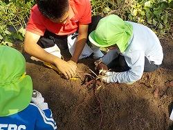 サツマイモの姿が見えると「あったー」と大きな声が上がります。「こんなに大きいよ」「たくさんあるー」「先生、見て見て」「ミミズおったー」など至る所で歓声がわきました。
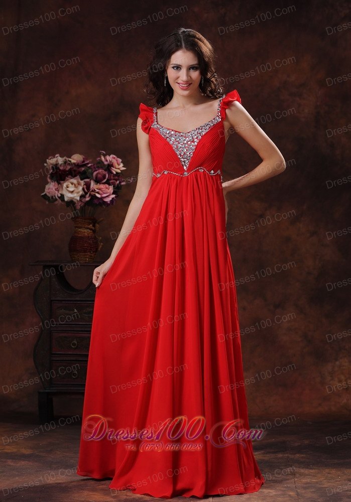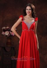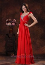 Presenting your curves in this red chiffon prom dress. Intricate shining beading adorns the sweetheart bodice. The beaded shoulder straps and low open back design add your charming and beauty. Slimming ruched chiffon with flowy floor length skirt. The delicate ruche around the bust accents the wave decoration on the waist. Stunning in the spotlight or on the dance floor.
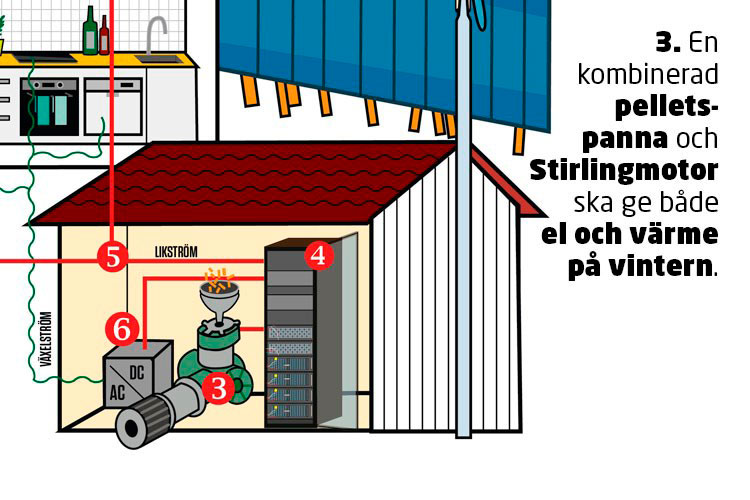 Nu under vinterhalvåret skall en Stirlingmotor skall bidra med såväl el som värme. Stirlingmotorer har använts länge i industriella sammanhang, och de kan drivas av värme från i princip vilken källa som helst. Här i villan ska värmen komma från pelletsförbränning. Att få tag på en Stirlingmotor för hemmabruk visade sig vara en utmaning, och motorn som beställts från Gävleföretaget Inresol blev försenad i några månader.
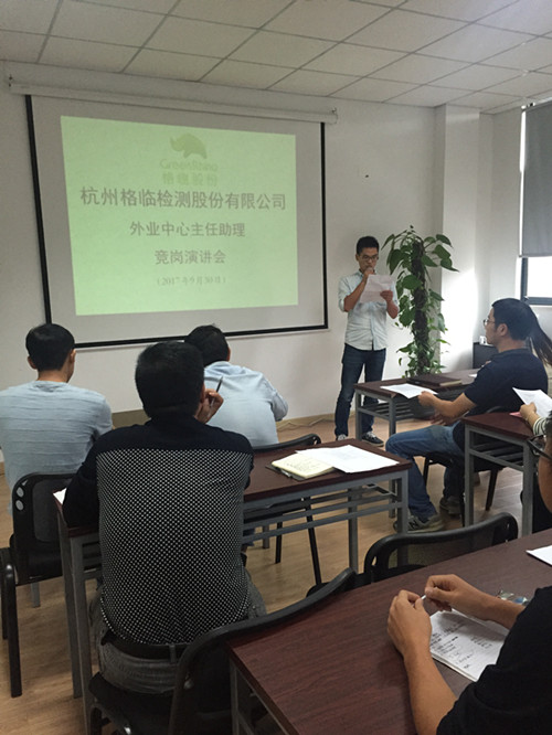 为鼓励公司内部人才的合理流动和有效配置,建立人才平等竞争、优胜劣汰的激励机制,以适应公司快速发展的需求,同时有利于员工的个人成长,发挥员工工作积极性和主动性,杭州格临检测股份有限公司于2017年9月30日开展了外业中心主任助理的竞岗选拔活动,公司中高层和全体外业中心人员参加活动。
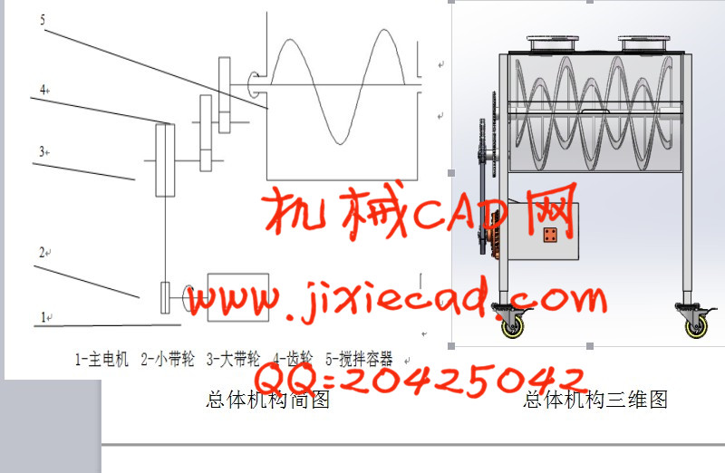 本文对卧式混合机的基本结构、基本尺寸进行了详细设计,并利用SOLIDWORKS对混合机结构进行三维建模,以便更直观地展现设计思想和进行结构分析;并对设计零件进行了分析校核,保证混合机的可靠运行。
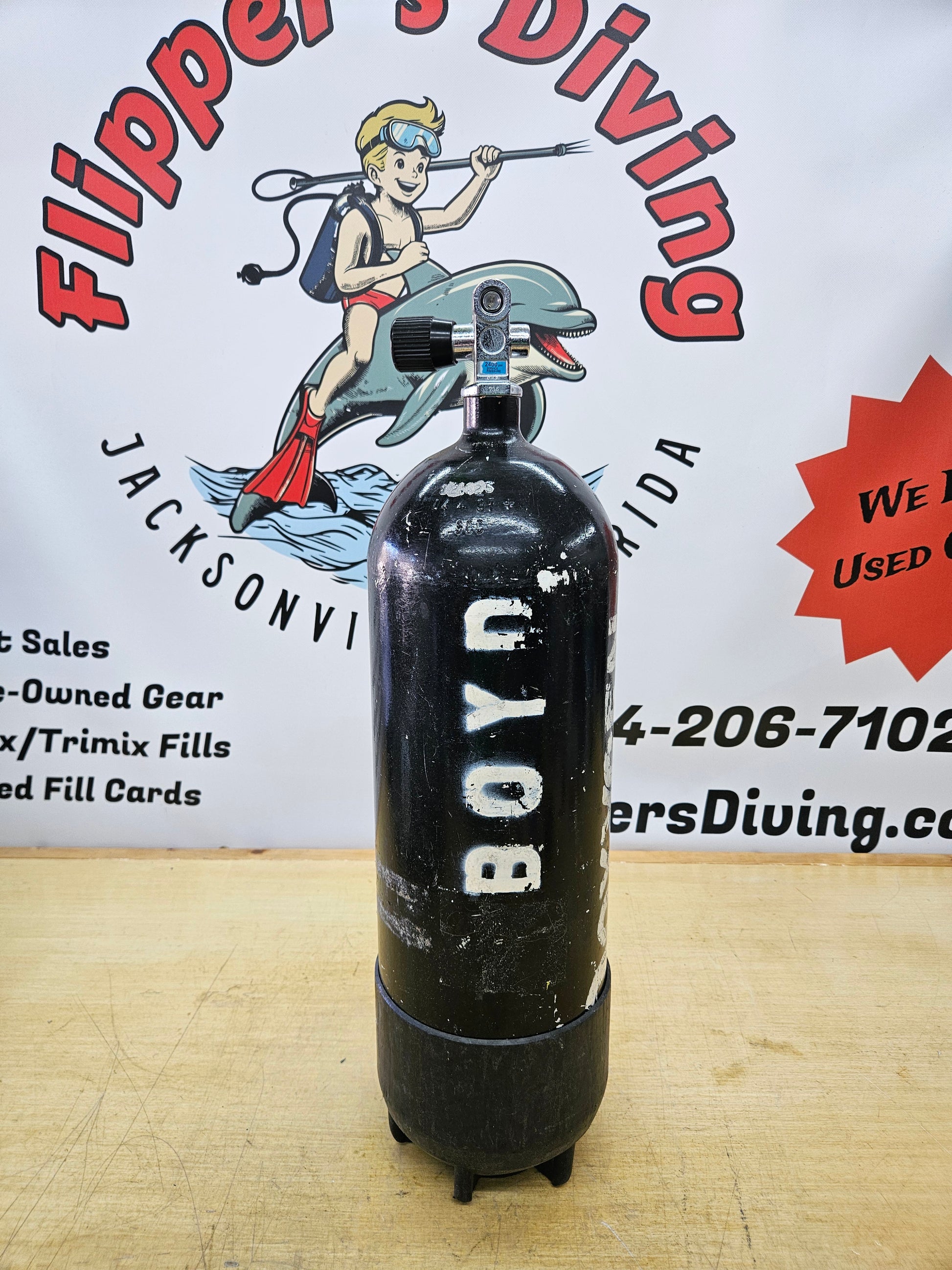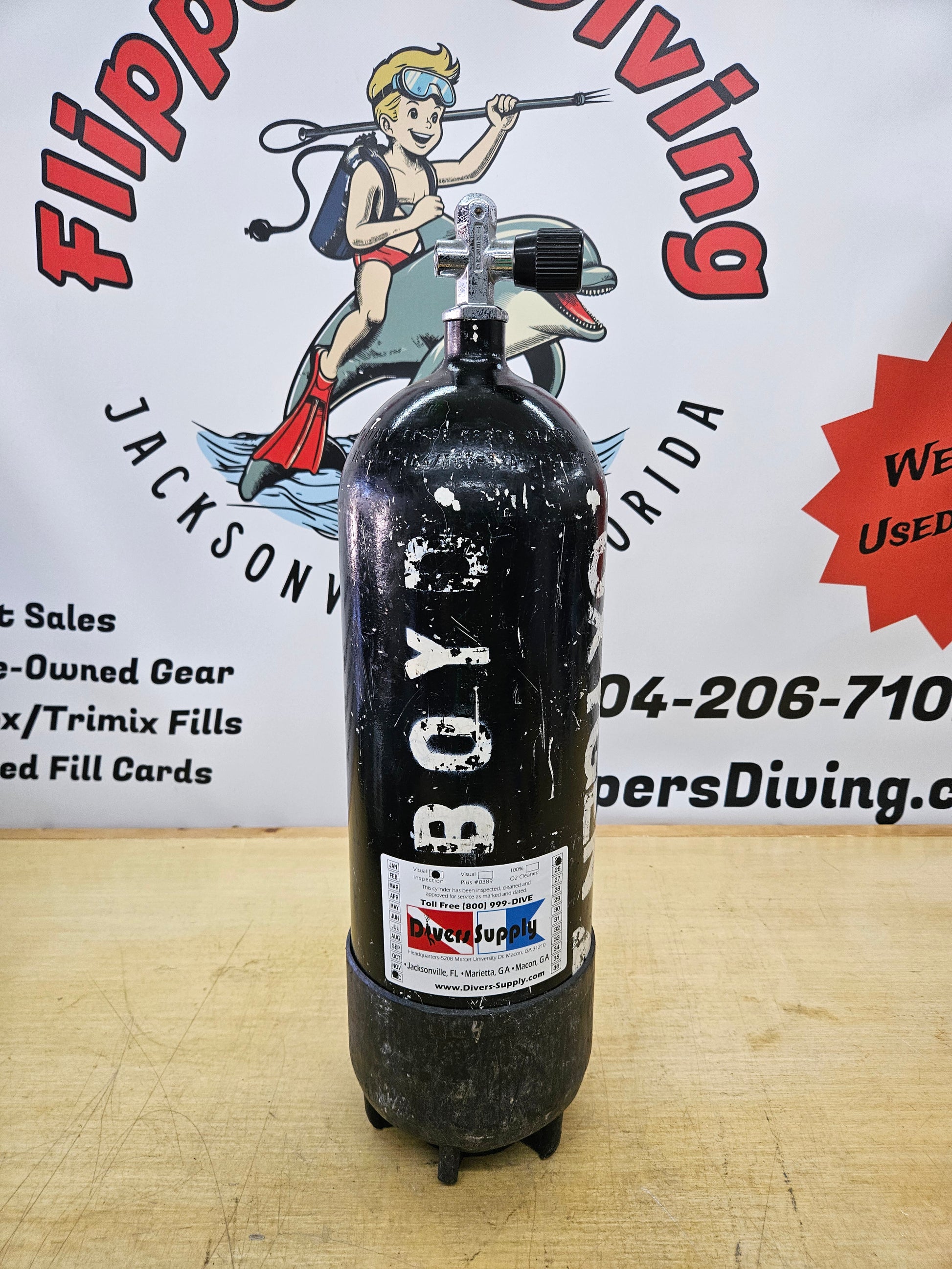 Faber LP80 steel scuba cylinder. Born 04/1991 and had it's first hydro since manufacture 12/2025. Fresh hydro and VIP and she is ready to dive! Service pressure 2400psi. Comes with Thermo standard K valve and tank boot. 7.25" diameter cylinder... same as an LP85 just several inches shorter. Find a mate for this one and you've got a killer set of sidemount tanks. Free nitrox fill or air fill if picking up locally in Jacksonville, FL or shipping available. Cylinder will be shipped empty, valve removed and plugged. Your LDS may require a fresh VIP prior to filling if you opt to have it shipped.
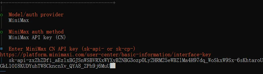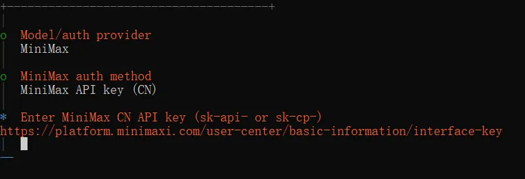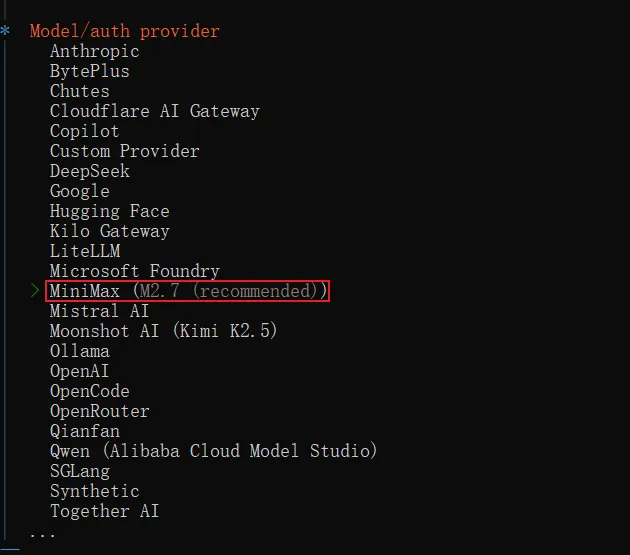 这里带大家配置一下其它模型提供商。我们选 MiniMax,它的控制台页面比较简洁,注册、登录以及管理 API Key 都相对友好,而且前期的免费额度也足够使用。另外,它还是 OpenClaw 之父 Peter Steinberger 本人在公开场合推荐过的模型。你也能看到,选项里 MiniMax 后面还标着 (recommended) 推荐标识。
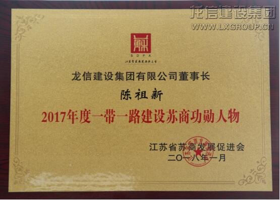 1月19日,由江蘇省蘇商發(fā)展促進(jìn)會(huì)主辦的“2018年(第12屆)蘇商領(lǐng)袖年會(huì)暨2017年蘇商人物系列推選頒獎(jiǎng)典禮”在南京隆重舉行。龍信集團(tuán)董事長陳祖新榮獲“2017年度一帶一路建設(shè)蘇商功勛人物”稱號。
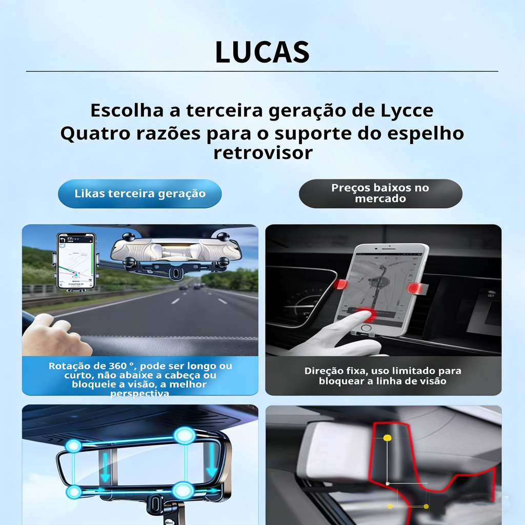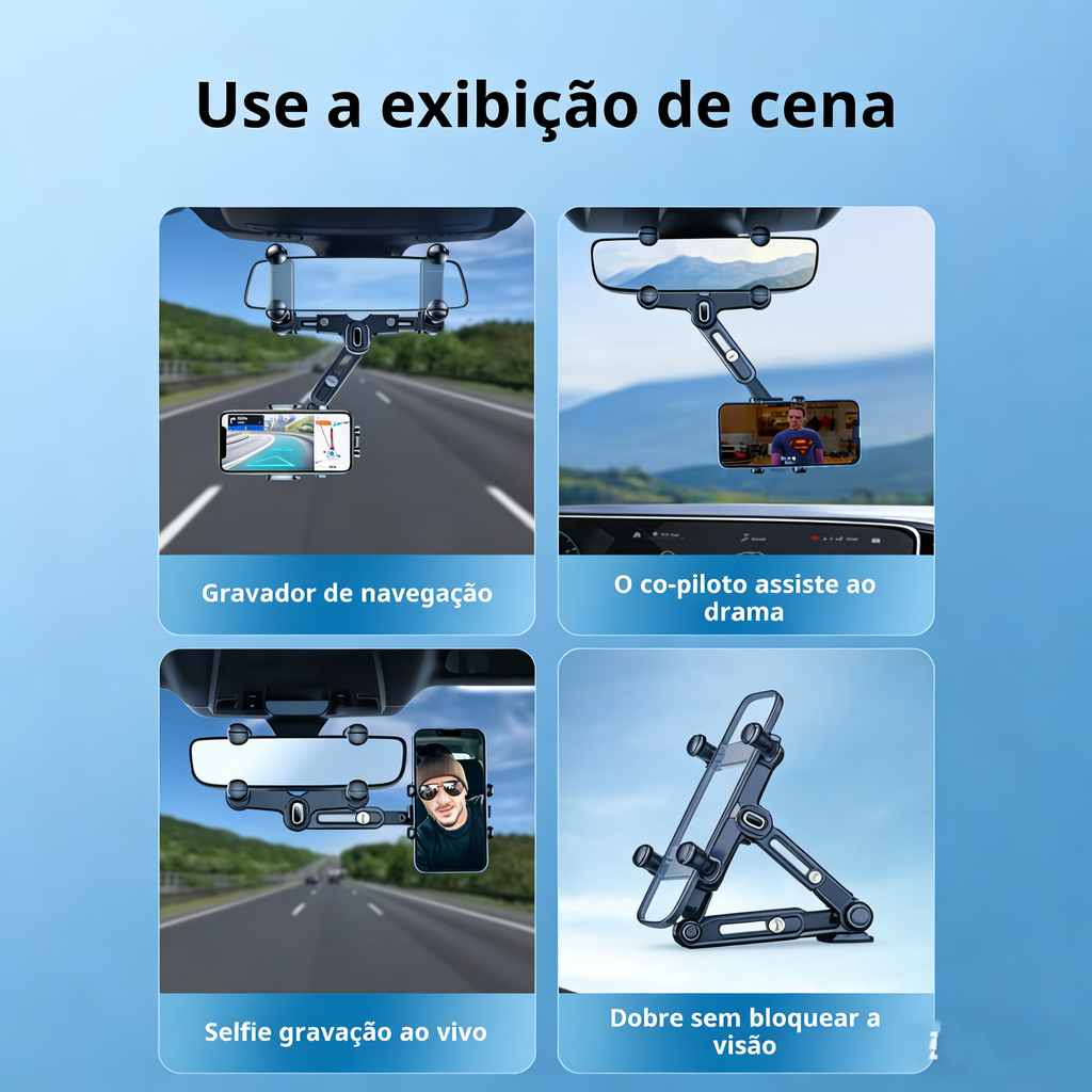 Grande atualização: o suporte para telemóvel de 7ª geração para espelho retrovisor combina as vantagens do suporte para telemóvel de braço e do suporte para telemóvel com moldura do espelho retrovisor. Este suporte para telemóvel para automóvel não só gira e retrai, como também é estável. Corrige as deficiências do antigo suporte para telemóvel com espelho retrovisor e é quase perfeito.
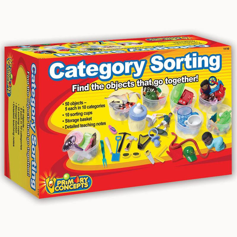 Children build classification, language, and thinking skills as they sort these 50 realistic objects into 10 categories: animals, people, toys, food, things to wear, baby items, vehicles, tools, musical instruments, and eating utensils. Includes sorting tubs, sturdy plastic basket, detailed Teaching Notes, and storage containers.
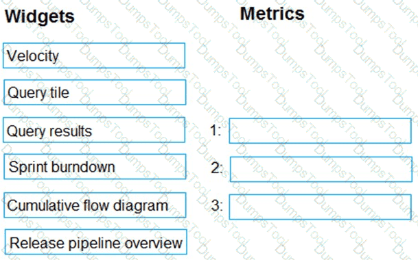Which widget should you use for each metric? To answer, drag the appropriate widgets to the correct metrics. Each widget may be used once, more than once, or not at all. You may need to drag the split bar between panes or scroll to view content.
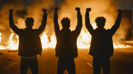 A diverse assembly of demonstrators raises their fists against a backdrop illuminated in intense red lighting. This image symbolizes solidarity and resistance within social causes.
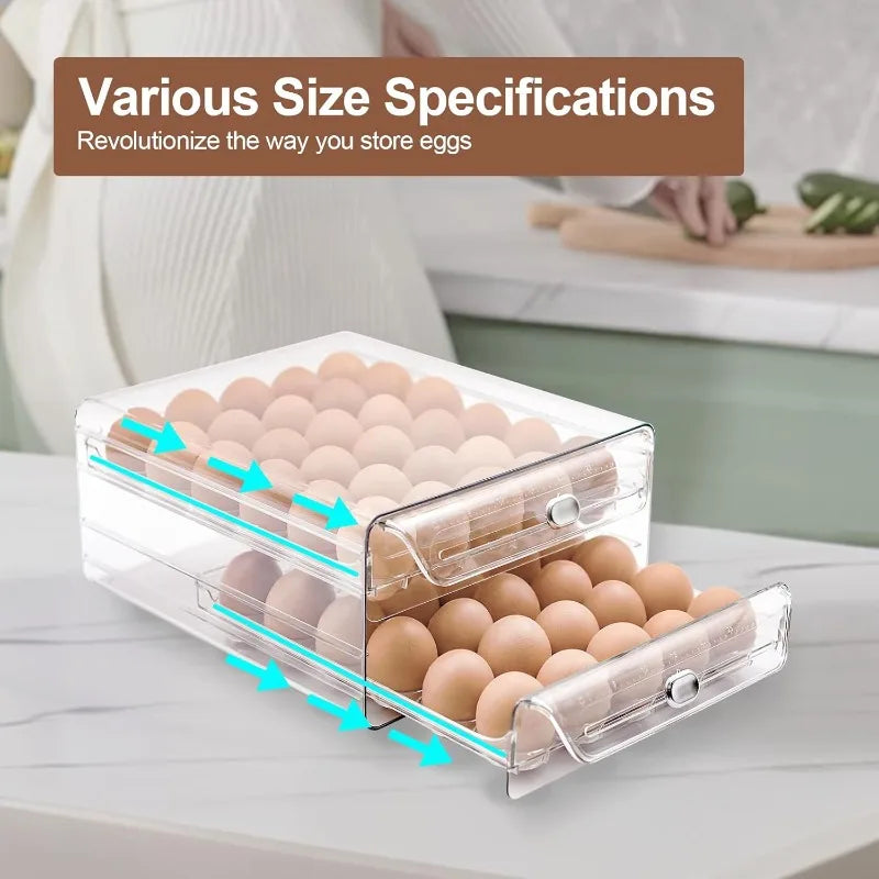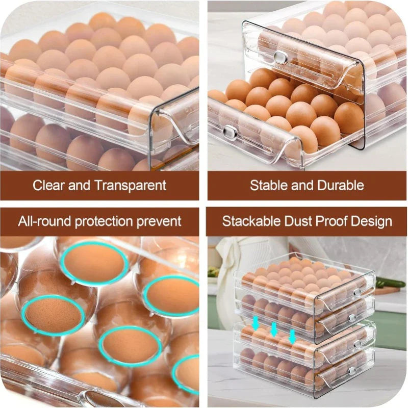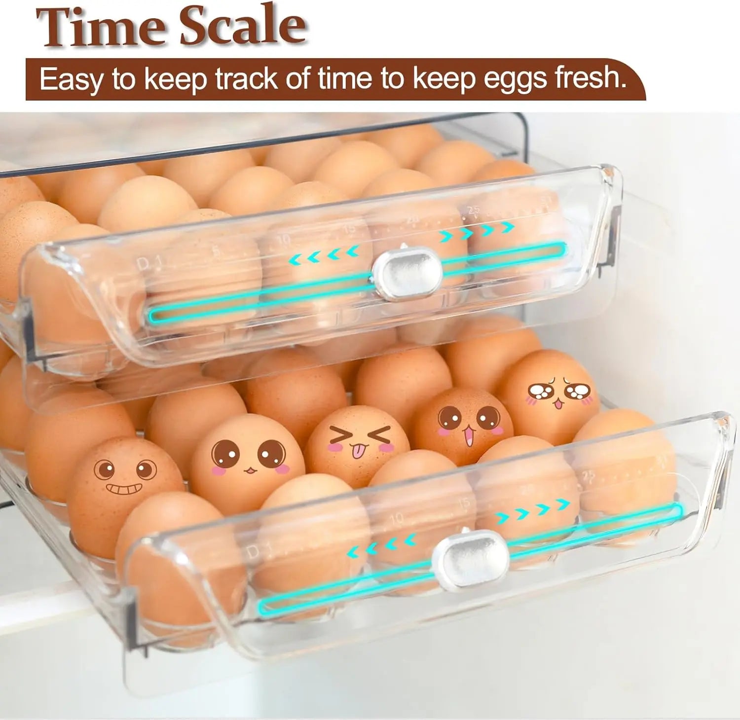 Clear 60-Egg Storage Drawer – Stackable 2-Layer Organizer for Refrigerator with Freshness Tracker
^^^^
▶ _INSTRUCTIONS FOR THE TASK_
Take the line containing "Grande atualização: o" through the last line of the material and retype exactly those lines, both ends included, with no pictures.

▶ _RESPONSE TO THE TASK_
 Grande atualização: o suporte para telemóvel de 7ª geração para espelho retrovisor combina as vantagens do suporte para telemóvel de braço e do suporte para telemóvel com moldura do espelho retrovisor. Este suporte para telemóvel para automóvel não só gira e retrai, como também é estável. Corrige as deficiências do antigo suporte para telemóvel com espelho retrovisor e é quase perfeito.
 Children build classification, language, and thinking skills as they sort these 50 realistic objects into 10 categories: animals, people, toys, food, things to wear, baby items, vehicles, tools, musical instruments, and eating utensils. Includes sorting tubs, sturdy plastic basket, detailed Teaching Notes, and storage containers.
Which widget should you use for each metric? To answer, drag the appropriate widgets to the correct metrics. Each widget may be used once, more than once, or not at all. You may need to drag the split bar between panes or scroll to view content.
 A diverse assembly of demonstrators raises their fists against a backdrop illuminated in intense red lighting. This image symbolizes solidarity and resistance within social causes.
 Clear 60-Egg Storage Drawer – Stackable 2-Layer Organizer for Refrigerator with Freshness Tracker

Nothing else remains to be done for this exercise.